| Problem requirements |
Would you return exactly the lines below from the line with "À l'étage, un" through the line with "Serve this on", both included, and nothing else, leaving out the pictures?

Start of Data for analysis

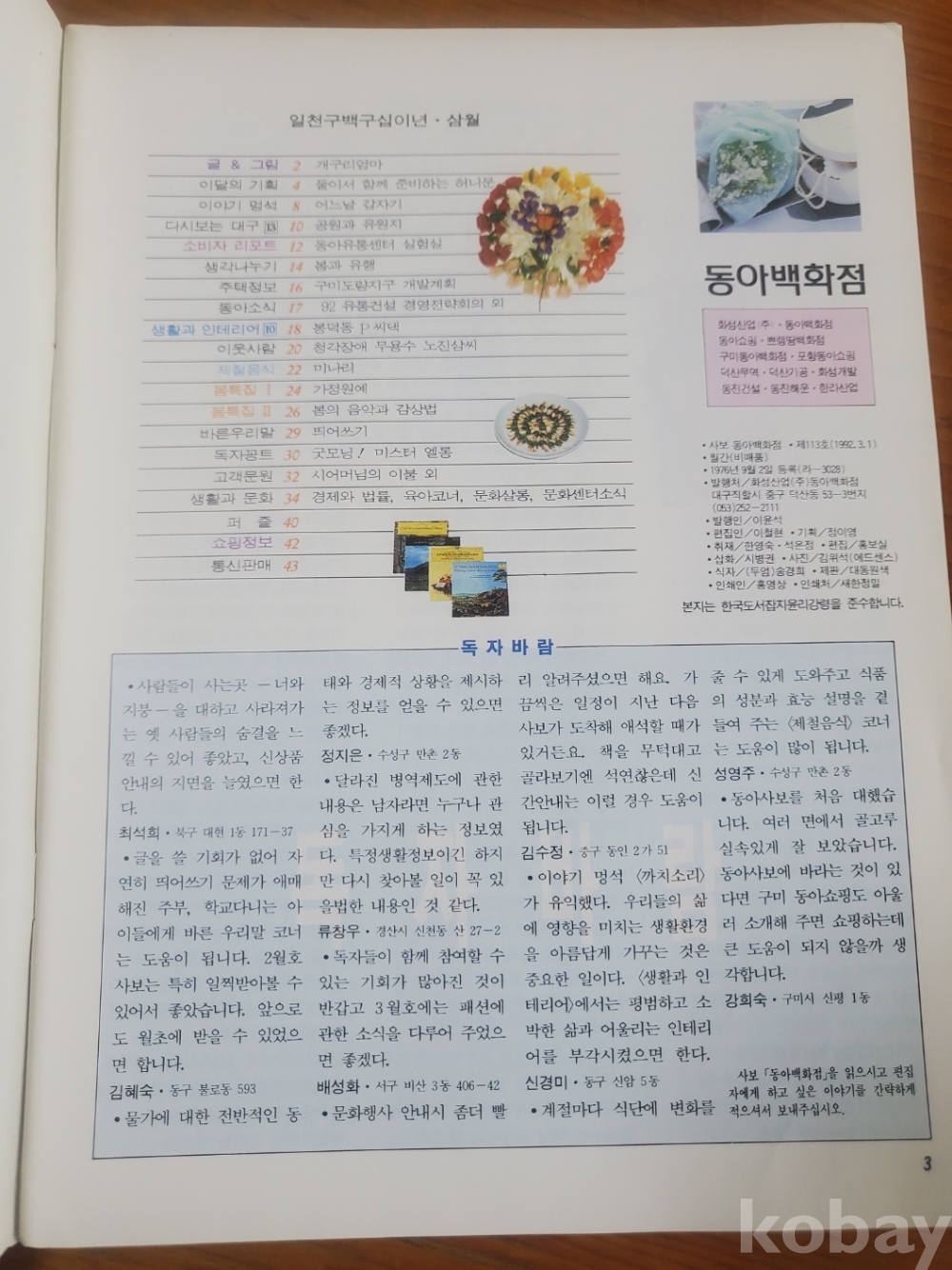 1. 동아백화점 통권 113호, 화성산업, 1992년, 43쪽, 월간, 상태 상, 사진 참조
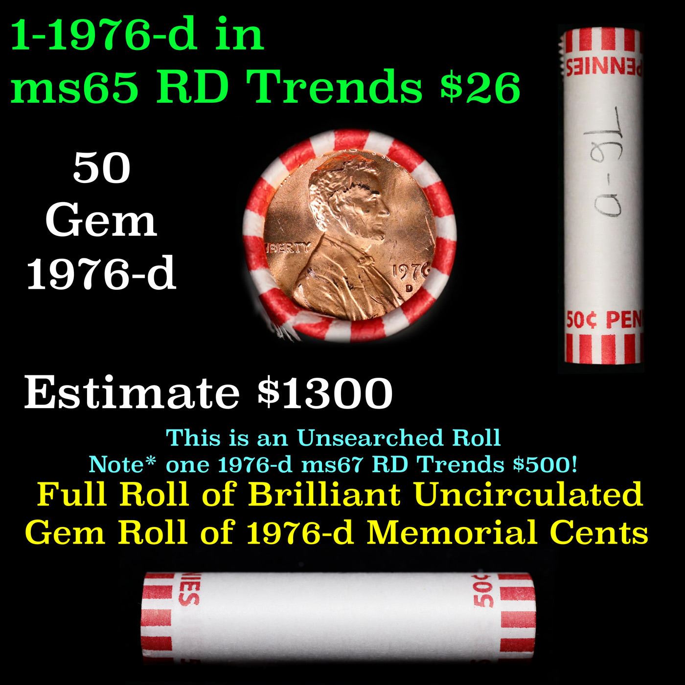 Shotgun Lincoln 1c roll, 1976-d 50 pcs Bank Wrapper.. A terrific Shotgun roll of Lincoln cents. Most if not all coin should be cherry red.
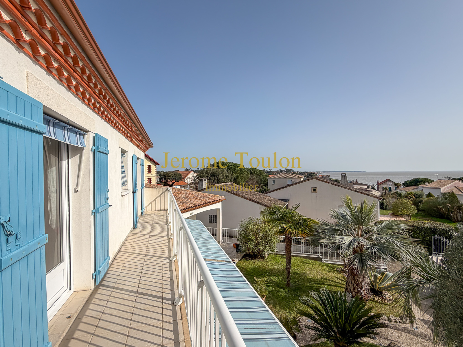 À l'étage, un palier très spacieux dessert 2 chambres ouvrant chacune sur un balcon avec une vue mer, une salle d'eau et un wc indépendant.
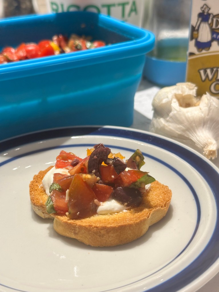 Serve this on toasted bread, layering the ricotta directly on the bread and topping with the bruschetta.
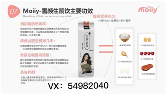 现在最流行的一个词就是“减肥”,然而大部分人尝试过太多的减肥方式都以失败而告终,并且在减脂过程的痛苦和煎熬难以想象。是否想过是不是瘦身减脂的方式出了问题。节食,酵素,大负荷运动,各种减肥药只要说效果好就去尝试,最终都以失败而告终。作为一位专业的健康瘦身指导导师VX:54982040,一定会用科学,营养,健康的方式引导正确饮食,快速瘦身,长久保持,这才是我们真正要找寻的方向。那么敲重点了,所有胖纸的福音来了,Moiiy雪颜防弹生酮饮来了,国内首家生酮减肥饮品,Moiiy再次联合全球超模大赛组织委员会和营养健康品巨头龙唐医药,研发出Moiiy品牌旗下第二款产品Moiiy雪颜生酮饮,并且获得美国权威营养学证书。Moiiy雪颜生酮饮详细咨询VX:54982040
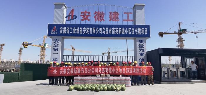 6月的新疆,烈日當頭、酷暑難耐,新疆烏蘇市氣溫一度沖破38℃,給一線(xiàn)施工人員帶來(lái)嚴峻的“烤”驗。為了確保烏蘇市南苑新城小區住宅樓建設項目施工進(jìn)度不滯后,項目部管理人員及一線(xiàn)工人斗烈日、戰酷暑,加班加點(diǎn)、揮汗如雨、搶抓進(jìn)度。近日,新疆烏蘇分公司南苑新城項目部組織“送清涼”活動(dòng),為一線(xiàn)工人送去礦泉水、西瓜、綠豆、冰糖、藿香正氣水、十滴水等防暑降溫物品,并叮囑他們高溫季節施工,一定保護好自己身體。
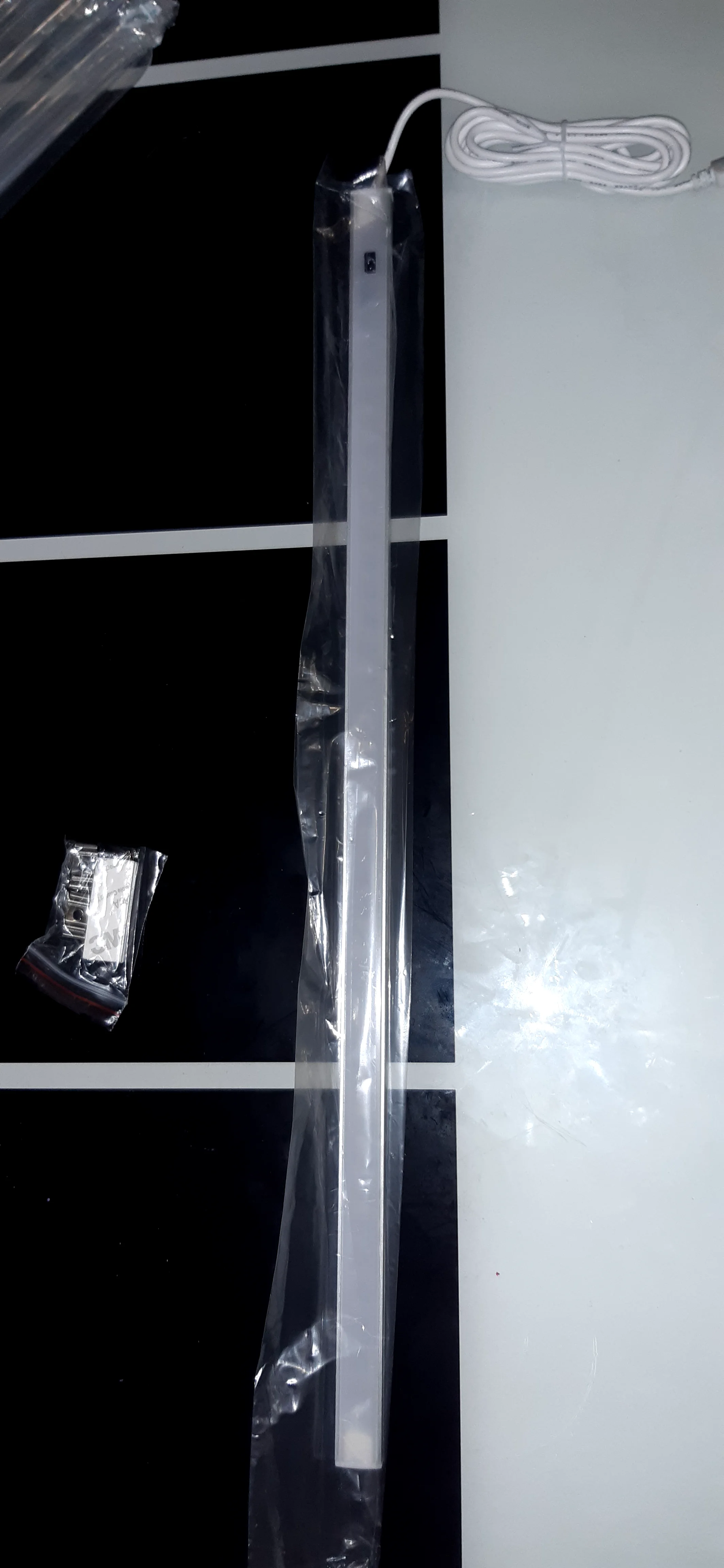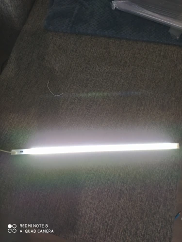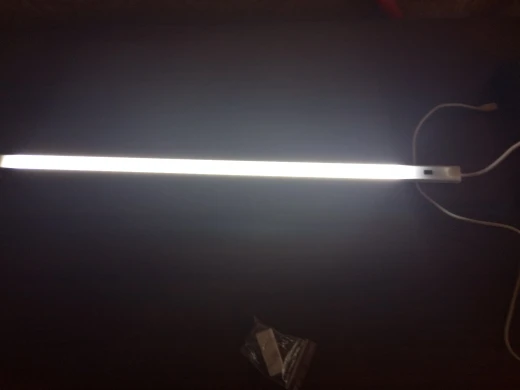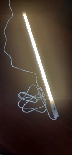 Лампа шикарная, с датчиком движения. Все работает исправно. Легко закрепила на двусторонний скотч, который шел в комплекте. Но так же в комплекте шли несколько шурупчиков и специальные штучки для крепления лампы (мне не пригодились, так как дырявить поверхность шкафа не собиралась). Шнур USB, длинный, около 2 метров. Зону освещает достаточно ярко (фото сделано в полной темноте). Запаковано было надежно, ничего не повредилось. Довольна, рекомендую к покупке.
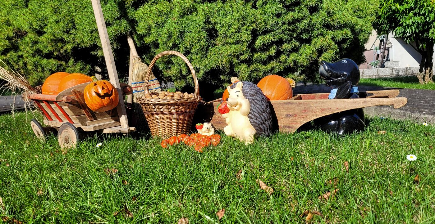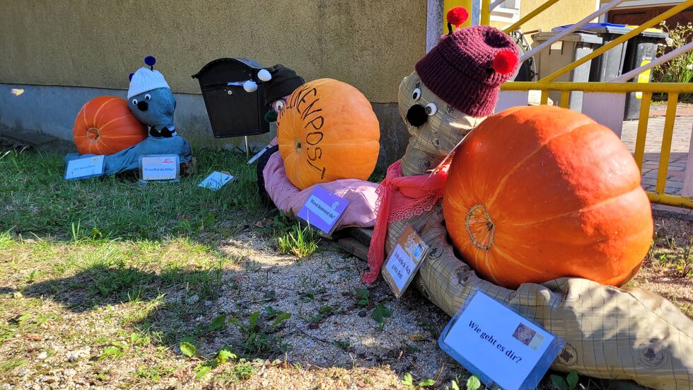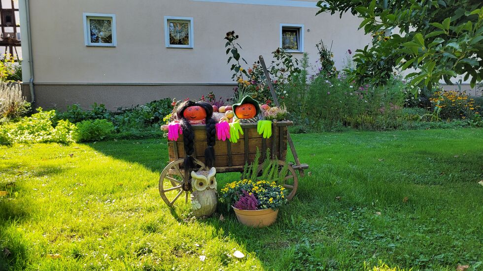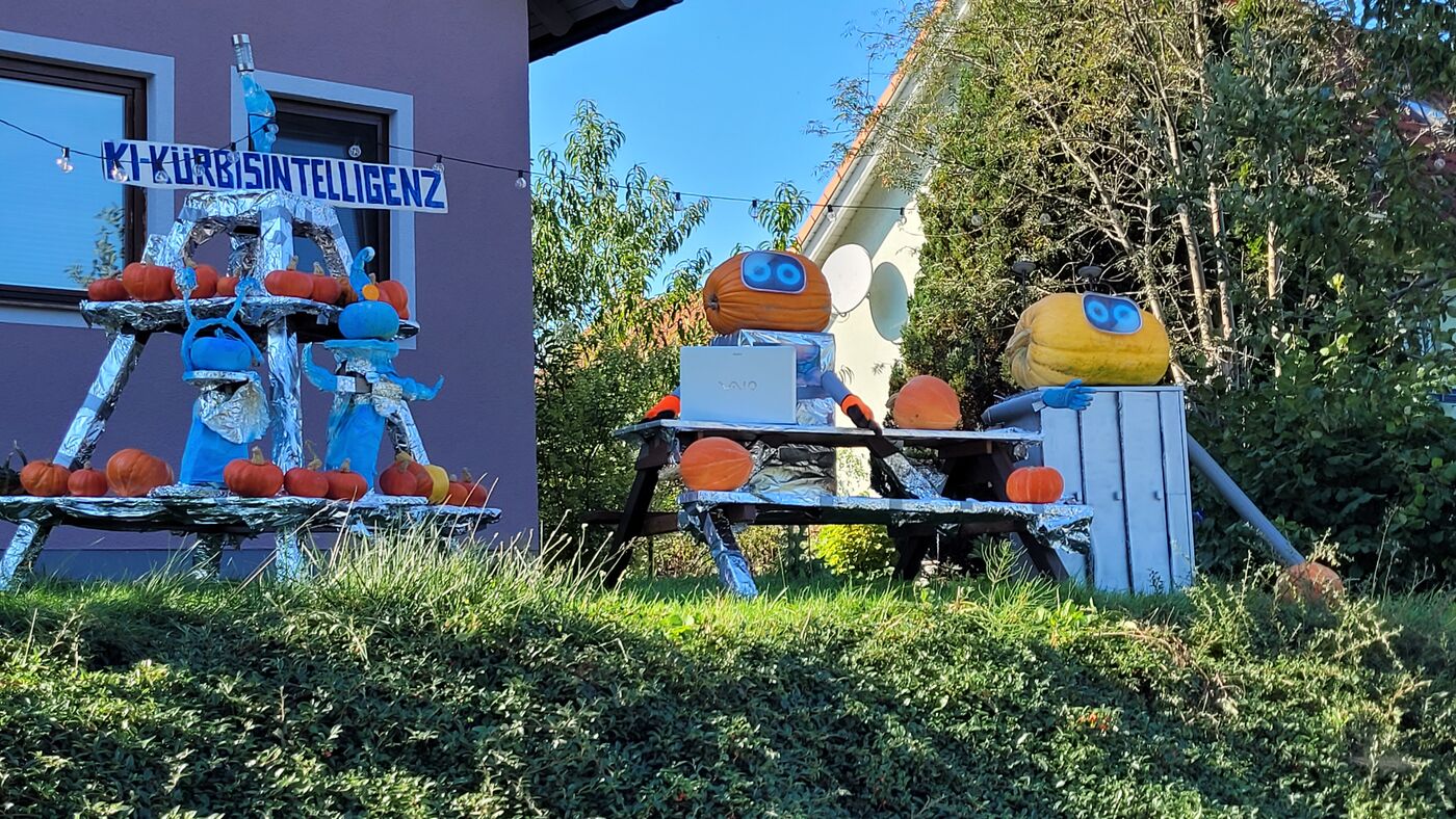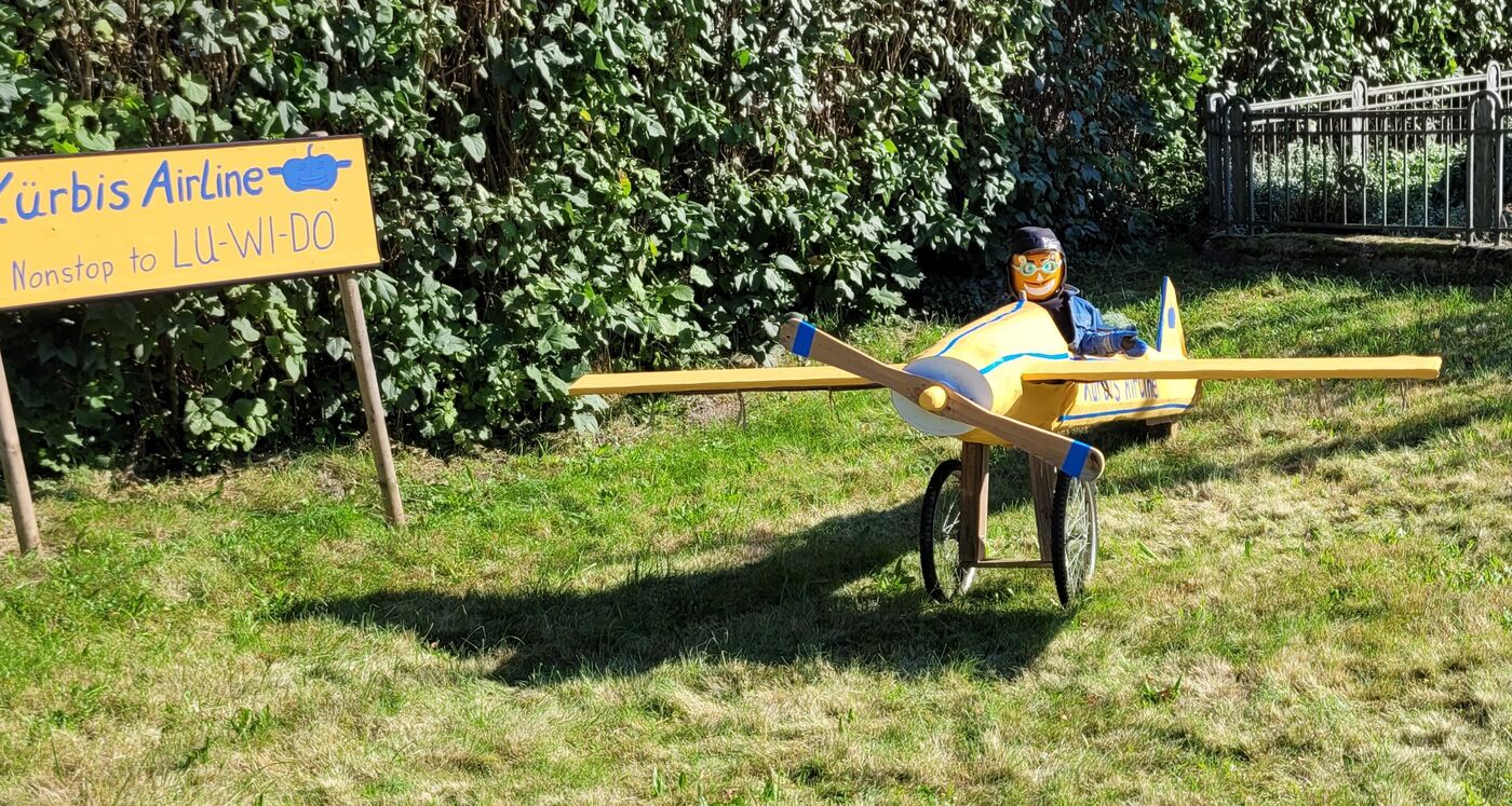In vielen Vorgärten und an Hofeinfahrten haben Einwohner - wie in jedem Jahr - wieder lustige Kürbisfiguren aufgestellt, z.B. einen Flieger, ein Pärchen in der Hängematte und ein ganzer Kürbis-Kindergarten.

End of Data for analysis

| Exercise response |
 À l'étage, un palier très spacieux dessert 2 chambres ouvrant chacune sur un balcon avec une vue mer, une salle d'eau et un wc indépendant.
 Serve this on toasted bread, layering the ricotta directly on the bread and topping with the bruschetta.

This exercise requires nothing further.